Who This Helps
You're a Junior Analyst. You've done the work. Now you need to ship it so stakeholders say yes. This is for anyone in the Market Intelligence & Positioning course who wants their analysis to lead to real action.
Mini Case
Zaid, a junior analyst at a SaaS company, spent 12 hours scanning competitor claims. He found 3 big ones that were pure narrative noise. He isolated one market shift that changed his company's positioning. His boss approved his recommendation in 7 days. Zaid used the Signal Landscape Scan mission from the course to get there.
Do This Now (5 Steps)
- Start with the win. Write your recommendation first. What do you want approved? That's your north star.
- Cut the noise. From your competitor audit, pick only claims with hard evidence. Ignore the rest. This saves 40% of your time.
- Pick one wedge. Use the ICP Wedge Choice mission. Choose one customer segment that gives you the best shot. Justify it with 2 data points.
- Build a grid. List 3 competitors. Compare them on 3 criteria: price, feature set, and customer support. Show tradeoffs clearly.
- Write the one-pager.

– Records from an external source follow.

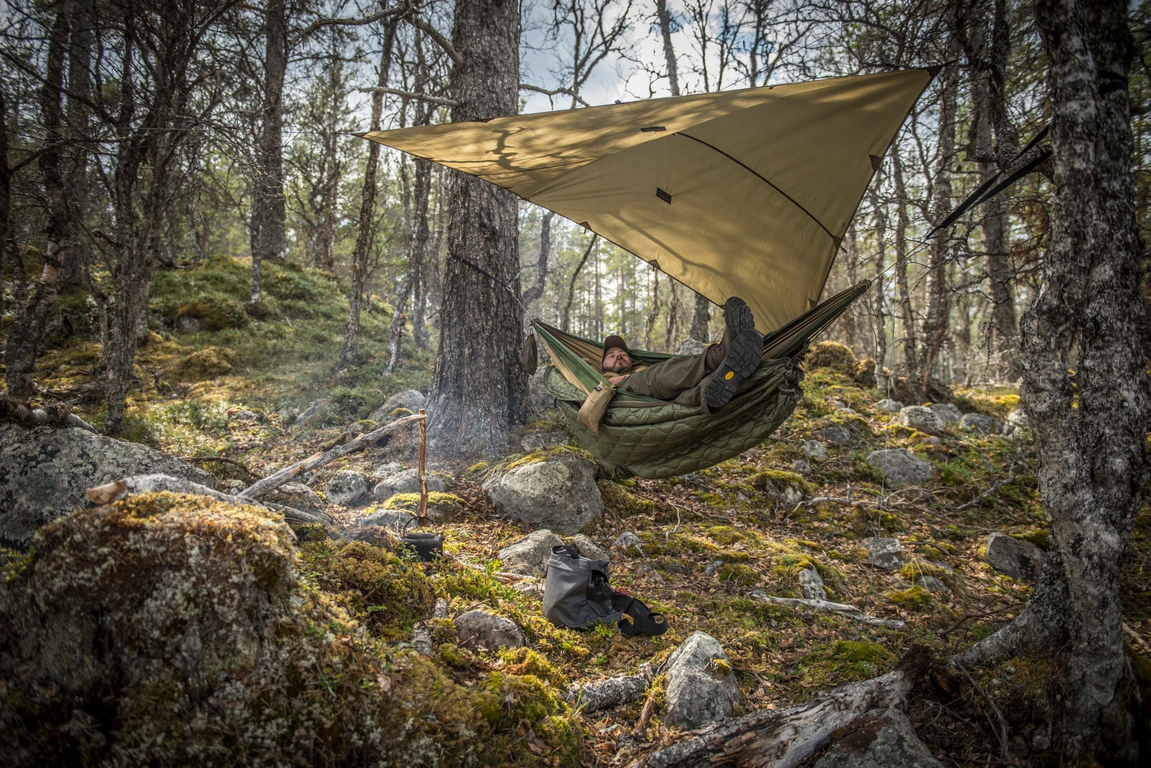 Створення притулку в дикій природі може мати вирішальне значення для виживання в найсуворіших погодних умовах, таких як сильний дощ або снігова буря. У таких ситуаціях наш SUPERTARP SMALL може стати ідеальним матеріалом для будівництва імпровізованого, але міцного даху над головою. Це легке, поліестерове, прямокутне полотно захистить вас від снігу та дощу тощо, а при необхідності може стати чудовою основою для будівництва замаскованого спостережного пункту. Численні отвори для кріплення дозволяють створювати багато типів укриттів, використовуючи лише шматок мотузки та кілки для намету. Завдяки малій вазі SUPER TARP SMALL у складеному вигляді можна носити в рюкзаку під час кожного походу.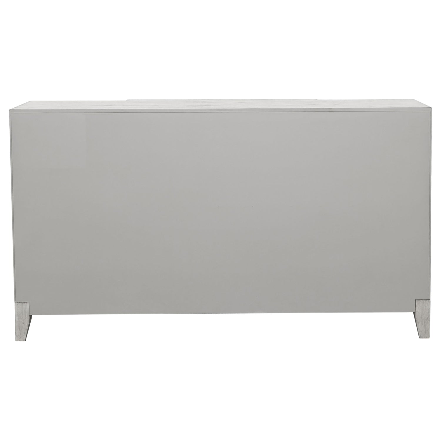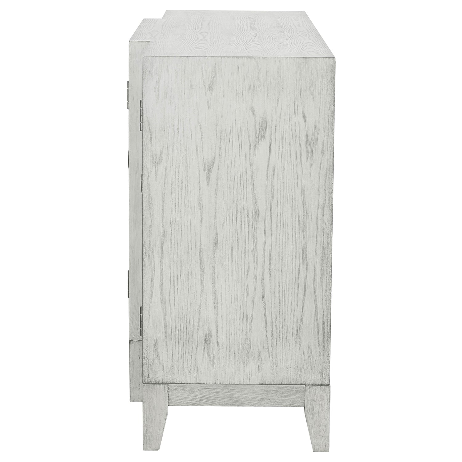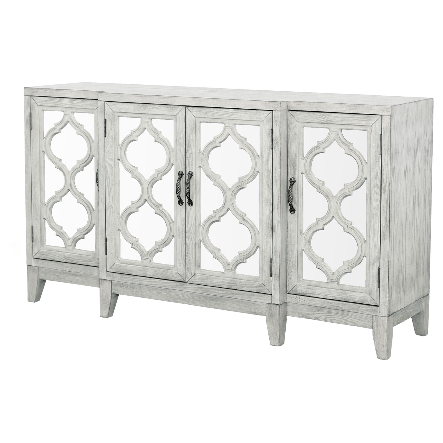 This traditional accent cabinet adds an elegant feel to your home. It's crafted in a gorgeous white finish and features tapered legs. The rectangular top is spacious enough for lamps, vases, and other decorative knickknacks. The four cabinet doors are designed with beautifully crafted lattice wooden overlay with vintage style decorative door handles in a vintage bronze finish. Doors also are inlaid with mirrored panels and open up to convenient storage shelves.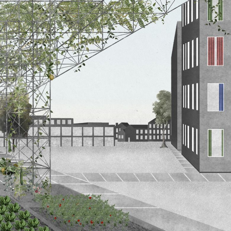 Alicia Bruder a Laura Hildbrand se v rámci řešení pro parkovací dům u Státní opery nechali inspirovat citací zakladatelů architektonického studia Lacaton & Vasal „Nikdy nebourejte, nikdy nepřesouvejte ani nenahrazujte, vždy doplňujte, proměňujte a opět využívejte“, která se stala motem pro návrh výstavního sálu, který využívá strukturu existujícího parkovacího domu a tak doplňuje sekvenci kulturních staveb. Jejich dostavba se stává obalem existující generické architektury.

Summarize your positioning artifact on one page. No fluff. Your boss reads it in 2 minutes.
Avoid These Traps
- Don't include every data point. Stakeholders get lost. Pick 3 numbers max.

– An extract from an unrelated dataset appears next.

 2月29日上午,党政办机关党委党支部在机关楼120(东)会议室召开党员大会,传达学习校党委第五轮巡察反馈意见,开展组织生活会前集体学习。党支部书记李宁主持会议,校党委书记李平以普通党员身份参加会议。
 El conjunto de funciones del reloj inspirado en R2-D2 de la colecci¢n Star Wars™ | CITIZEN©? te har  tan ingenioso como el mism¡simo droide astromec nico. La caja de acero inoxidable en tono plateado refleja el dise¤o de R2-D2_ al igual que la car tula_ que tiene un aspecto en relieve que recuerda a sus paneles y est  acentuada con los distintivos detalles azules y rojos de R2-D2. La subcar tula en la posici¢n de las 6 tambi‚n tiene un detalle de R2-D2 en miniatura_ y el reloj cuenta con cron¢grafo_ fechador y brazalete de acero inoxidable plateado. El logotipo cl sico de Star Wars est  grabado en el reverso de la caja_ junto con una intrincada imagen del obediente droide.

- Don't skip the tradeoff. If you recommend a wedge, say what you're giving up. Honesty builds trust.
- Don't use jargon. Say "customer need" not "market gap." Keep it simple.

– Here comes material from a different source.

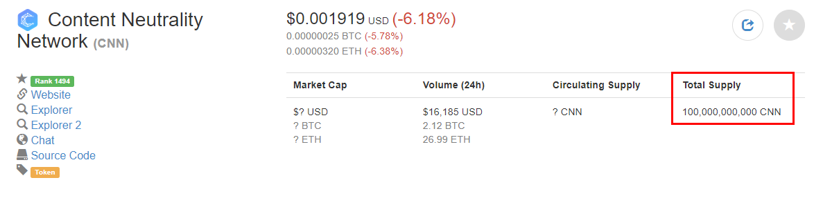 CNN 은 현재 시총 1494 위의 코인으로써 인지도는 매우 낮다고 볼 수 있습니다.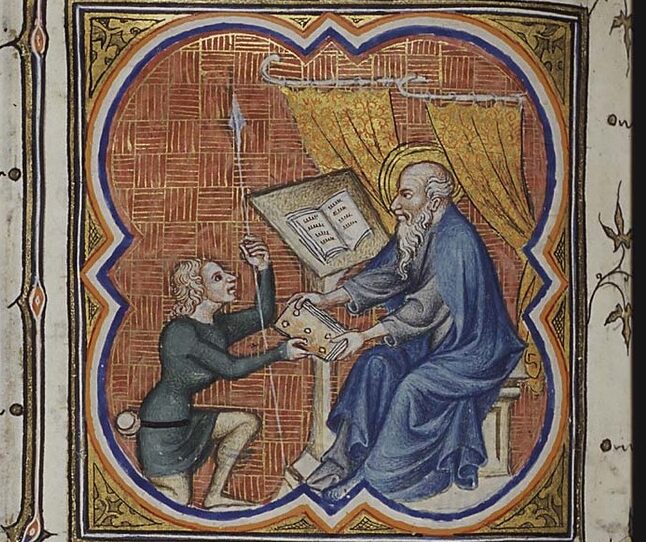 “St. Paul sends a letter to Philemon,” Illumination from The Master of the Bible of Jean de Sy, in the collection of the National Library of the Netherlands

- Don't wait for perfection. Ship a draft. Get feedback. Iterate.
- Don't forget the guardrails. In your positioning grid, note what you won't do. That's as important as what you will.
Your Win by Friday
By Friday, you'll have a one-page positioning artifact that your boss can approve. You'll know exactly which market shift to bet on. You'll have a clear recommendation backed by evidence. And you'll feel like a pro—because you are. (Plus, you'll have time for coffee.)